Nel film, grazie alle testimonianze di Cardinali, Vescovi, familiari e amici, il regista ricostruisce la figura e le vicende umane di Pablo, un prete che rendeva evidente agli altri il bello della Chiesa e il gusto dellessere cristiani.
Ma come ha fatto un documentario che parla di un semplice prete a riempire tutte le trecentocinquanta seggiole del Teatro Rosetum con il solo passaparola? Come dice lo stesso Cotelo nell’incipit del film, “a prima vista si potrebbe pensare che la vita di Pablo non sia adatta per farne un film: non è un pedofilo, non è un ladro, non è un esorcista e né un missionario nella giungla, non è il fondatore di una nuova istituzione ecclesiale. E non è nemmeno un parroco, eppure sono convinto che la sua vita meriti di essere conosciuta. Perché Pablo è semplicemente un buon prete!”. Un uomo allegro, divertente e generoso con la passione per la montagna.
Dopo l’anteprima nazionale di tre anni fa a Roma presso l’Ateneo Pontificio Regina Apostolorum e il successivo silenzio, il film è ritornato oggi in Italia grazie all’entusiasmo e al cuore aperto di Francesco Travisi. Fiorentino e di madre colombiana, dopo essere entrato in contatto con il regista ed essersi occupato in prima persona dei sottotitoli in italiano, si sta ora occupando della diffusione della pellicola anche nel nostro Paese (per maggiori informazioni si può visitare il sito www.laultimacima.it). Gli “Amici di Zaccheo” hanno fatto il resto accettando la sfida e organizzando l’evento.

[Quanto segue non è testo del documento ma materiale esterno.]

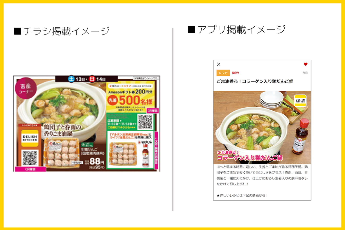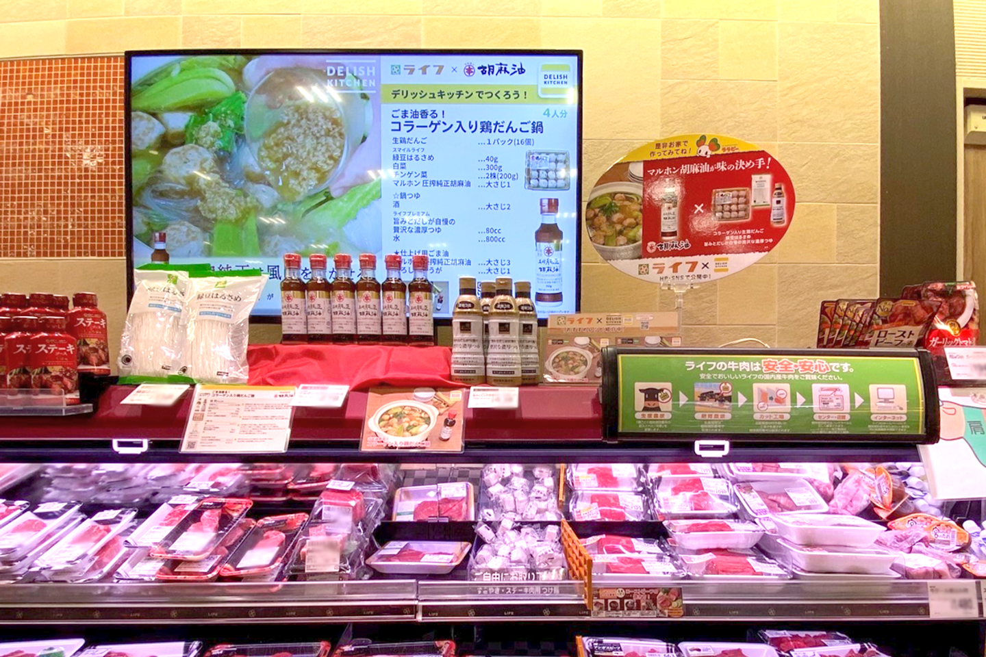 川村:お取り組みの内容としては、「マルホン胡麻油」ブランドを展開する竹本油脂様の「圧搾純正胡麻油」とライフ様のプライベートブランド(以下、PB)商品である「生鶏だんご」「緑豆はるさめ」「贅沢な濃厚つゆ」を使用したレシピ動画を作成し、『DELISH KITCHEN』のアプリ内に掲載・サイネージでの配信を行いました。加えて、関東を中心としたライフ様の店舗の畜産コーナーにて一体陳列での販促、ライフ様のチラシやアプリへの掲載まで行っていただきました。また、当社のマーケティングチームとも連携し、商品を同時購入した際のレシートの写真を撮って応募するとAmazonギフト券が当たるキャンペーンも初めて実施しました。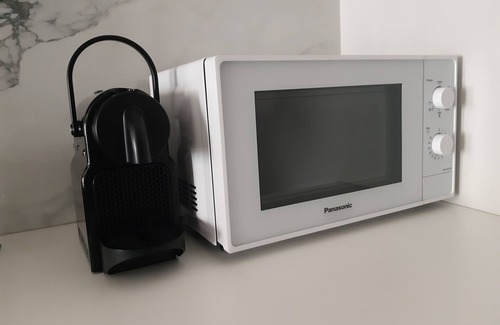 The kitchenette is equipped with a stovetop and a refrigerator, as well as a coffee maker, an electric kettle, and a microwave. Bathroom amenities include a hair dryer, a bidet, and bathrobes. And there's access to laundry facilities, so you can even pack a bit lighter. Other amenities include bed sheets, a desk, an ironing board, and bike storage.
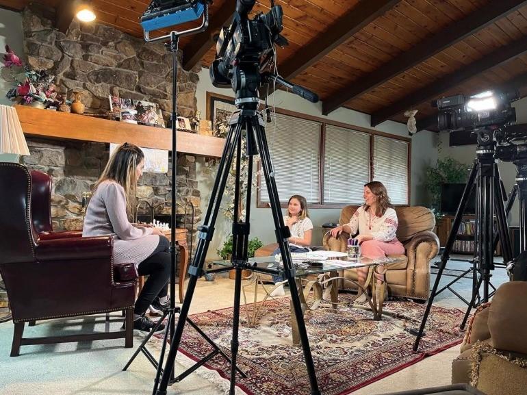 Ani Kasparian interviewing Ukrainian refugees.

La bomba è innescata: future proiezioni sono previste ancora a Milano (Rosetum, Lunedì 22/4) e Firenze e poi a Treviso, Vicenza e Pistoia.
Un successo clamoroso lo ha già raggiunto nella penisola iberica, poiché in maniera del tutto inaspettata e senza alcun budget pubblicitario, L’ultima cima è considerata un’opera cult ed è diventato il documentario spagnolo più visto nella storia. Previsto inizialmente in sole quattro sale, la distribuzione si è ampliata a macchia d’olio e in poche settimane sono diventati centosessantotto i cinema a ospitare il film.
Al termine della visione la sala è raccolta in una profonda commozione. Il documentario riassume in maniera perfetta la drammaticità dell’esistenza. Ma all’uscita si scorgono solo volti sereni, perché tutti abbiamo colto il messaggio che Pablo ha testimoniato con la propria vita: tutto è dato da Dio e tutto a Lui ritorna. E Pablo è stato proprio un uomo afferrato da Dio e innamorato della vita e degli uomini tutti. Un uomo che è stato usato da Dio perché, per chiunque esso incontrasse, fosse certa la Sua Presenza.
Infatti, lo stesso regista dice: “Un uomo da solo non può agire così”. Dopo questa testimonianza di vita ogni istante non può essere sprecato: Pablo ci ha confermato con la propria esistenza che la Santità è possibile anche per noi. Ma ora che abbiamo visto il film abbiamo un problema. Aveva ragione il regista. Siamo davvero nei guai. Sono nei guai. Ora quello che abbiamo visto e incontrato vogliamo raccontarlo. Il sentiero è tracciato, la cima più vicina.